__What needs to be done__
From the records below, extract only the lines running from the line with "(1) قال الطبري" to the line with "This section presents", both lines included, reproducing them exactly.

__Material supplied__
◆ ◆ ◆ ◆

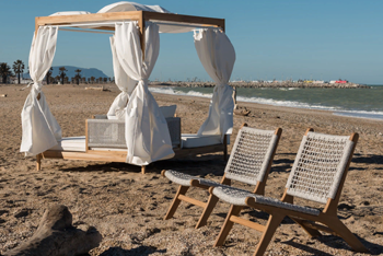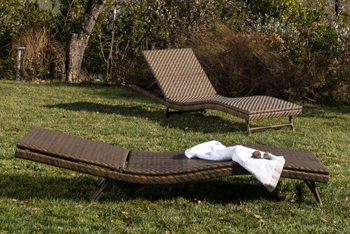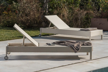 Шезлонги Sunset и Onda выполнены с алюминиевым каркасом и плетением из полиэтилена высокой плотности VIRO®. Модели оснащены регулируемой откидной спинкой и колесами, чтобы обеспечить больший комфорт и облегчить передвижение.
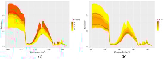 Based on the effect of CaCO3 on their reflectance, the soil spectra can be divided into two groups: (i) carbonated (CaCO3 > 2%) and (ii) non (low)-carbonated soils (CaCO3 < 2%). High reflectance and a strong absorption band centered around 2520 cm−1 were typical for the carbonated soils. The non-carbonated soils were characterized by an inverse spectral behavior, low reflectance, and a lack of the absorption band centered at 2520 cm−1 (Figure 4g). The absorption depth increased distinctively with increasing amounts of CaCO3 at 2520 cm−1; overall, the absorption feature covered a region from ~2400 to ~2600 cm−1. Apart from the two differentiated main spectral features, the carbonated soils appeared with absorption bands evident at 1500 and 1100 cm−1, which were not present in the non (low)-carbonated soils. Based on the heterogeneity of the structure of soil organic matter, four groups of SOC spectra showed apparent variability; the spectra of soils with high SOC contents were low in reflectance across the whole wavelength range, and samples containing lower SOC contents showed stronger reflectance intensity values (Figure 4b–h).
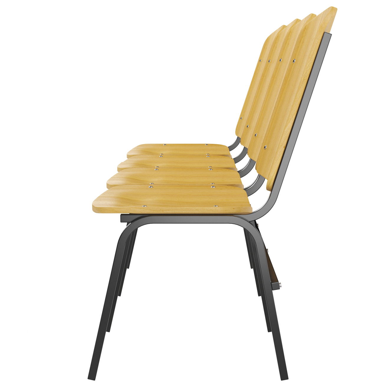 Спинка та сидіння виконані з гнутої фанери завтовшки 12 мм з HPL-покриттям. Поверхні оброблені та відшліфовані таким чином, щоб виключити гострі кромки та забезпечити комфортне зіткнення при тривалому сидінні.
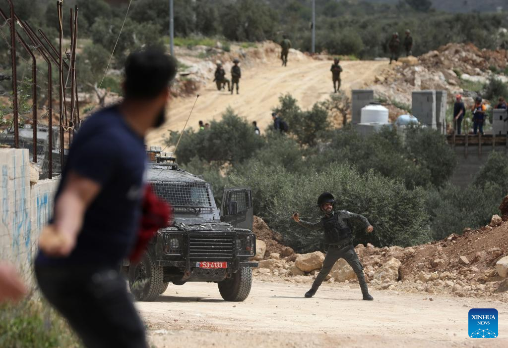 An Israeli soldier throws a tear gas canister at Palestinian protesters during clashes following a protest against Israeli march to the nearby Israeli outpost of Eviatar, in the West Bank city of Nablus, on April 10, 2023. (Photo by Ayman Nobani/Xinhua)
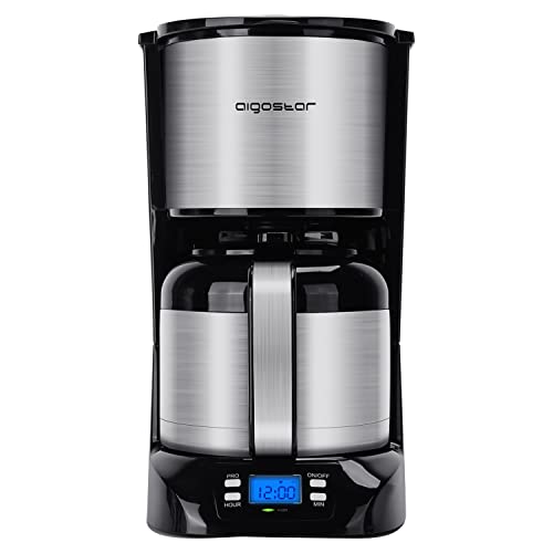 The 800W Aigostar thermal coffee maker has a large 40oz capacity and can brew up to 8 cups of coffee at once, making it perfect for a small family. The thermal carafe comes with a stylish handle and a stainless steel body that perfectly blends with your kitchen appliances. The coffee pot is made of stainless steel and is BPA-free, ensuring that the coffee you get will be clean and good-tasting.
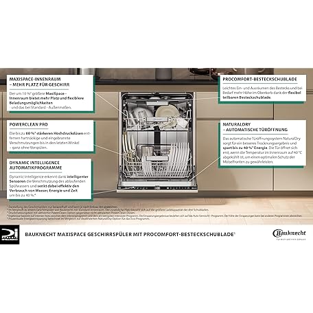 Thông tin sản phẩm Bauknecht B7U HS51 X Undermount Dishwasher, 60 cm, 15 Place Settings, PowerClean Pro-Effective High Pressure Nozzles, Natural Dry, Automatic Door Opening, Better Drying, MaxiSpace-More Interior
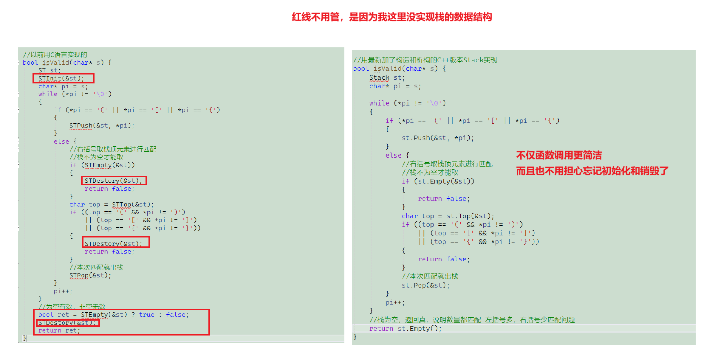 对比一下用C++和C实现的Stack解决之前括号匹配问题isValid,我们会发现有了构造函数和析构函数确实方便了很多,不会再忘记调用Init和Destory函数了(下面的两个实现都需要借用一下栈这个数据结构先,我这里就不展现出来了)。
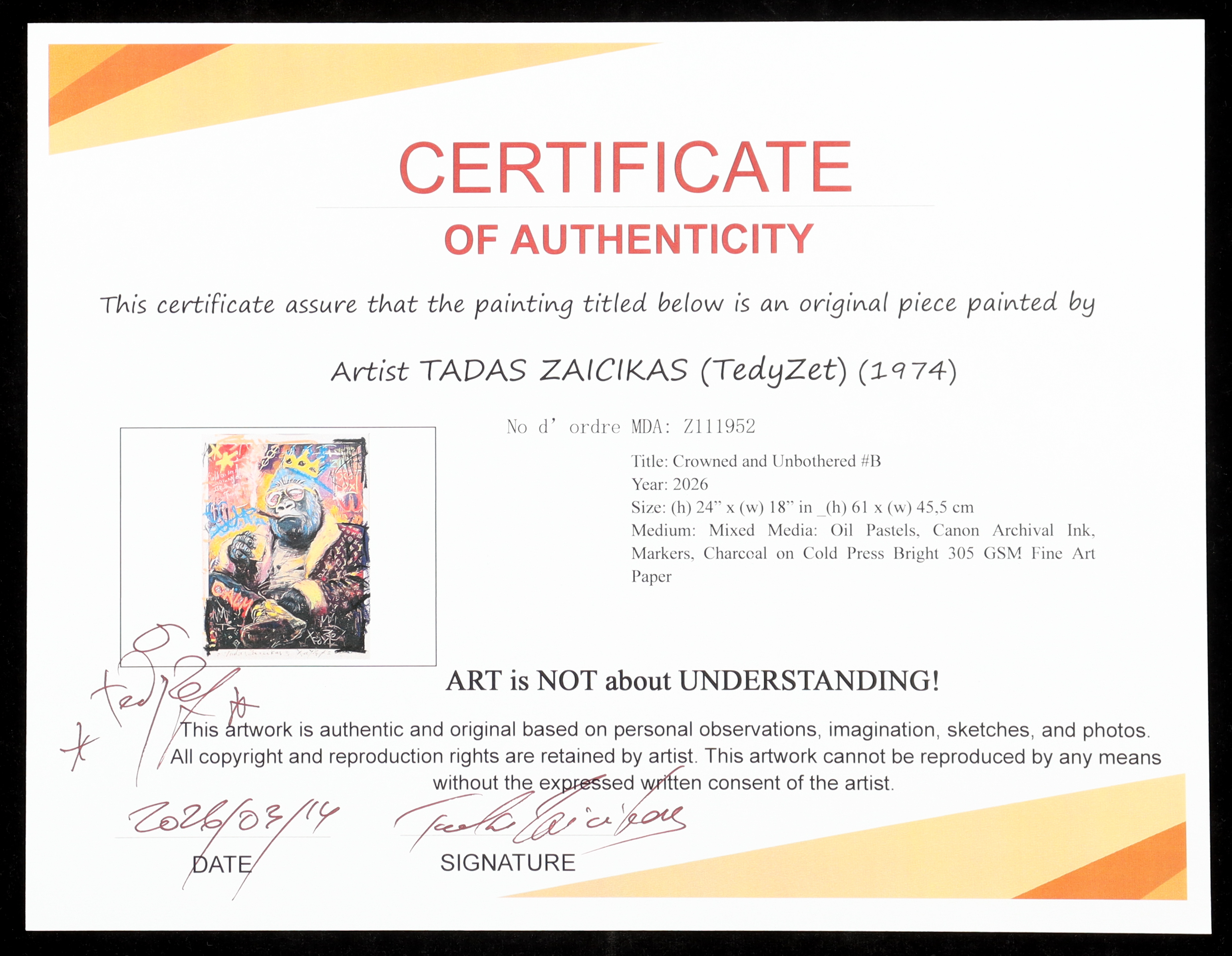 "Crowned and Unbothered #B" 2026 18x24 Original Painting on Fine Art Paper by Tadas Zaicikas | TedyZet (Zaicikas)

◆ ◆ ◆ ◆

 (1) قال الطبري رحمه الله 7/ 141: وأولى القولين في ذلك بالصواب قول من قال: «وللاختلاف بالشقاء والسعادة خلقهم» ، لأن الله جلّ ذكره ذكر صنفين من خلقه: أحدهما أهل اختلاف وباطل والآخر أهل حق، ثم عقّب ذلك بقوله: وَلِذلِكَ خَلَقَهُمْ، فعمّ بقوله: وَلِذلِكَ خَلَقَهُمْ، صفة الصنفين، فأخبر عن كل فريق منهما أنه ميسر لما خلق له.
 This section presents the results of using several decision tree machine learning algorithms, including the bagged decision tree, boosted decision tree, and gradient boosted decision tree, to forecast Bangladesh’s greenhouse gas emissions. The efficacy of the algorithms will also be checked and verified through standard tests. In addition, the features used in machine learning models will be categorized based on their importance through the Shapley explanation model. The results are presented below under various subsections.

◆ ◆ ◆ ◆

__Result of the exercise__
 (1) قال الطبري رحمه الله 7/ 141: وأولى القولين في ذلك بالصواب قول من قال: «وللاختلاف بالشقاء والسعادة خلقهم» ، لأن الله جلّ ذكره ذكر صنفين من خلقه: أحدهما أهل اختلاف وباطل والآخر أهل حق، ثم عقّب ذلك بقوله: وَلِذلِكَ خَلَقَهُمْ، فعمّ بقوله: وَلِذلِكَ خَلَقَهُمْ، صفة الصنفين، فأخبر عن كل فريق منهما أنه ميسر لما خلق له.
 This section presents the results of using several decision tree machine learning algorithms, including the bagged decision tree, boosted decision tree, and gradient boosted decision tree, to forecast Bangladesh’s greenhouse gas emissions. The efficacy of the algorithms will also be checked and verified through standard tests. In addition, the features used in machine learning models will be categorized based on their importance through the Shapley explanation model. The results are presented below under various subsections.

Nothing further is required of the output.